Our schools are becoming more segregated. Do parents care?

In 1967, African-American parents fought against segregated schools, picketing outside the Atlanta Public Schools offices. CHARLES R. PUGH, JR. / THE ATLANTA JOURNAL-CONSTITUTION

Credit: Charles R. Pugh, Jr.

Credit: Charles R. Pugh, Jr.

In 1967, African-American parents fought against segregated schools, picketing outside the Atlanta Public Schools offices. CHARLES R. PUGH, JR. / THE ATLANTA JOURNAL-CONSTITUTION

The resegregation of public schools in the South troubles academics, civil rights activists and researchers. It’s been on the agenda of every major education conference or seminar I’ve attended in the last three years.

However, it doesn’t seem to be on the minds of parents.

Parents worry about whether class sizes are too large, whether math and science courses are advanced enough and whether their kids are competitive for Georgia Tech or the University of Georgia. They don’t seem to fret about whether their child sits next to a child of a different race or ethnicity — and fewer students do, a byproduct of growing residential segregation and school choice programs.

Yes, parents endorse diversity in principle, but not enough to pester the school board or push for rezoning to achieve racial balance. The research on diverse schools suggests advantages accrue to all students, including less prejudice and stereotyping and higher levels of cultural competence. Minority students show improved academic performance, often because integrated schools provide more resources and opportunities.

As John King Jr., former education secretary under the Obama White House and now president of the Education Trust, recently told education writers at a Washington conference, only a third of high schools with high black and Latino enrollment offer calculus, compared to 56 percent of those with low numbers of black and Latino students.

But that doesn’t necessarily sway families to seek out diversity, even as more of them enjoy greater choice in selecting their child’s school.

In a recent study, Pennsylvania State University looked at the decisions of public school students transferring to charter schools when given the option of schools with different racial compositions. The finding: Black and Latino students tended to choose charters more racially isolated than the public schools they left.

Today, more than one in three black students in the south attends a school where 90 percent of their classmates are non white. The retreat from integration concerns Penn State researcher Erica Frankenberg, an Alabama native who studies segregation.

In the wake of the Supreme Court's 1954 Brown V. Board of Education ruling, the South led the nation in desegregating its schools and boasted the most integrated classrooms in America, said Frankenberg, who co-authored a new report by the UCLA Civil Rights Project on the resegregation of Southern schools.

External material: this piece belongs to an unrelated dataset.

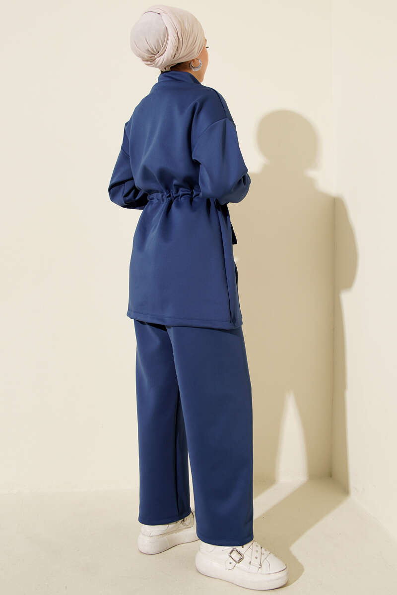 Yaka Taşlı Bel Tünelli İkili Takım Lacivert
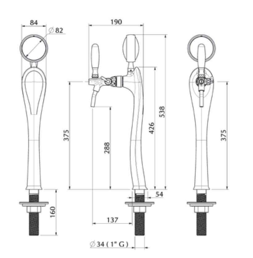 Tapzuil Ery ICE 1 x 5/8“ chroom met LED

Among the report’s conclusions and warnings:

•From 1954 to 1988 there was an increase in the interracial contact between whites and black students in the South as a result of court-ordered integration. However, resegregation began to re-emerge in 1990.

•The South has a small but rapidly growing share of charter schools, which in the region—as in the country—are even more segregated for black students than the traditional public schools.

•Private schools represent about 7 percent of the region’s enrollment and are disproportionately white. In some states, including Georgia, legislatures have provide subsidies to private schools through the tax system. (Georgia’s tax-credit scholarship allows taxpayers to donate money to a private school for student scholarships in exchange for a state income tax credit. The program diverts $58 million a year in income tax from state coffers to private school scholarships.)

•The days of court-ordered mandatory reassignment are over; today’s integration efforts almost always involve carefully designed school choice

Frankenberg believes parents and communities can be convinced of the benefits of integrated classrooms. “There is no need to see diversity and quality as trade-offs,” she said in a telephone interview.

Parents may not place a premium on classroom diversity because most accountability measures don’t. “We’ve narrowed this understanding of what a good school is to something measured only by test scores.” said Frankenberg.

Frankenberg sees some communities resisting segregation, citing the new diversity efforts n New York City where white students represent only 15 percent of the public school enrollment, yet a third attend majority white schools. Those diversity policies have been enabled in part by increased flexibility granted from the federal government.

While New York and Massachusetts are using this new flexibility to further diversity, the easing of federal oversight could go the other way in some states. “Flexibility might be good for those states,” said Frankenberg, “but is it good for states where diversity is not necessarily on the table?”